# HurdleDMR

HurdleDMR.jl is a Julia implementation of the Hurdle Distributed Multinomial Regression (HDMR), as described in:

[Bryan Kelly, Asaf Manela & Alan Moreira (2021)](https://doi.org/10.1080/07350015.2021.1947843) Text Selection, Journal of Business & Economic Statistics [(ungated preprint)](https://papers.ssrn.com/sol3/papers.cfm?abstract_id=3491942).

It includes a Julia implementation of the Distributed Multinomial Regression (DMR) model of [Taddy (2015)](https://arxiv.org/abs/1311.6139).

This tutorial explains how to use this package.

## Setup

### Install Julia

First, install Julia itself.
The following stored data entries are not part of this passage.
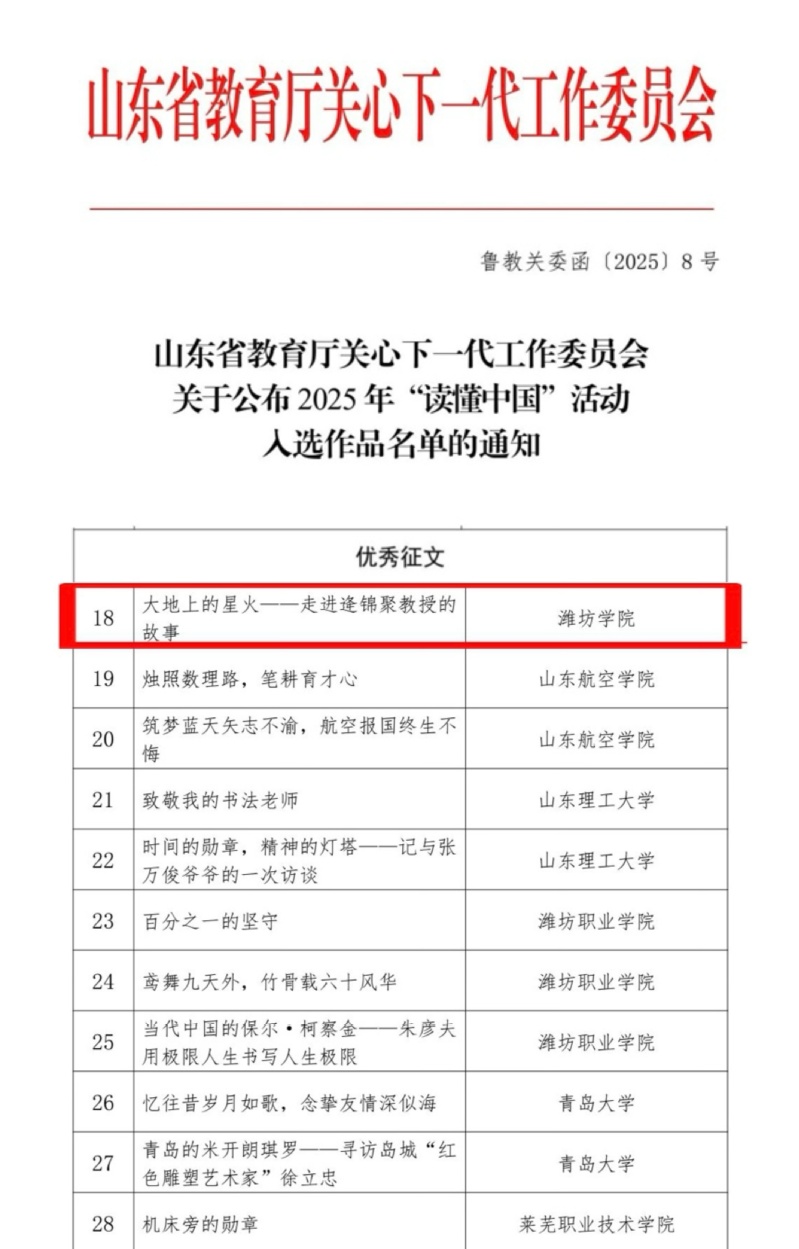 近日,山东省教育厅关心下一代工作委员会2025年“读懂中国”活动评选结果正式公布,学院2023级思想政治教育专业宋润同学的征文《大地上的星火——走进逄锦聚教授的故事》,在全省高校众多参赛作品中脱颖而出,获评优秀征文。
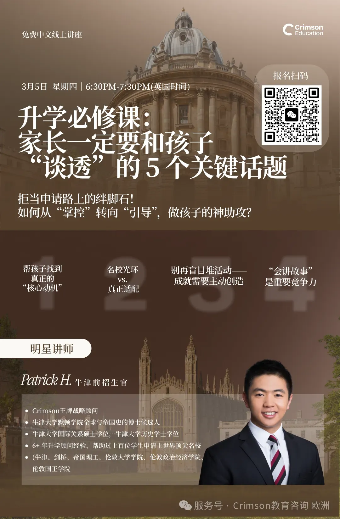 在 Patrick 看来,申请牛剑不仅是一场学术的长跑,更是一次家庭智慧的博弈。他将把那些冷冰冰的政策,转化为每一个家庭都能听懂、能落地的实操建议🤝 拒绝「无效沟通」,把升学分歧转化为名校入场券!扫码回复 “ukkids”报名!
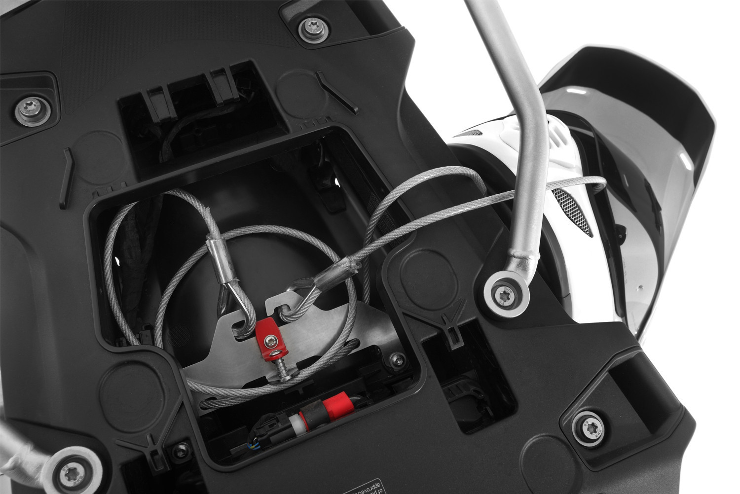 Pravdepodobne najbezpečnejší a ľahko použiteľný zámok na prilbu. Robustná hliníková základňa nášho zariadenia proti krádeži prilby je bezpečne pripevnená pod sedadlom. Dĺžka lana je taká, že je možné zaistiť až dve prilby. Drôtené lano má priemer 4 mm. Pevne riešené náprstky koncov lana sú zaháknuté do závesného zariadenia nosnej základne a bezpečne pripevnené odpruženou skrutkou. Dodatočne je zaistený namontovaným a zablokovaným sedadlom. To znemožňuje otváranie slučiek bez zdvihnutia sedadla. Tento bezpečnostný prvok nájdete len u nás. Ďalšou výhodou je, že nie je potrebný žiadny dodatočný zámok a nemusíte so sebou nosiť ďalší kľúč. priehľadný, Veľkoryso dimenzovaný poťah bezpečnostného lana zo silikónu chráni prilby a motocykle pred odieraním a poškodením laku. Keď sa lano nepoužíva, je uložené pod sedadlom, aby sa ušetrilo miesto - vždy pripravené po ruke. Naše zariadenie proti krádeži »HELM-LOCK« sa ľahko používa a je mimoriadne užitočné, takže bez neho už nebudete chcieť byť. Fakty: Jednoduché pripevnenie až dvoch prilieb proti krádeži Robustne skonštruovaný systém vyrobený z nehrdzavejúcej ocele Prístup k odomknutiu je zabezpečený zámkom sedadla Nie je potrebný žiadny dodatočný zámok atď Hliníkové závesné zariadenie je trvalo pripevnené pod sedadlom Bezpečnostné lano je možné odložiť, aby sa ušetrilo miesto, keď sa nepoužíva Oceľové lano s hrúbkou 4 mm Vysokopevnostné stlačenie koncov lana do slučiek Slučky vystužené oceľovými náprstkami na ochranu lana Hrubostenné silikónové opláštenie lana, aby sa zabránilo poškodeniu laku odieraním Kompletné s inštalačnou sadou Technické špecifikácie: Materiál: Montážna základňa vyrobená z hliníka a nehrdzavejúcej ocele, vyrobená presne a perfektne sedí, pevné drôtené lano, potiahnuté silikónom s priemerom 5 mm osobitosti Nádherný prémiový produkt. Malá séria. Vyrobené ručne. Rozmarný dizajn. Integrovaný a funkčný. Vyrobené v Európe 5-ročná záruka Rozmarná kategória produktov ochranu batožinu

The easiest way to do that is to get the latest stable release from the official [download page](https://julialang.org/downloads/). An alternative is to install [JuliaPro](https://juliacomputing.com/products/juliapro/).

Once installed, open julia, press `]` to activate package manager and add the following packages:
```
pkg> add HurdleDMR
```

To run this tutorial which is in a jupyter notebook, you may need to add the [IJulia package](https://github.com/JuliaLang/IJulia.jl) too.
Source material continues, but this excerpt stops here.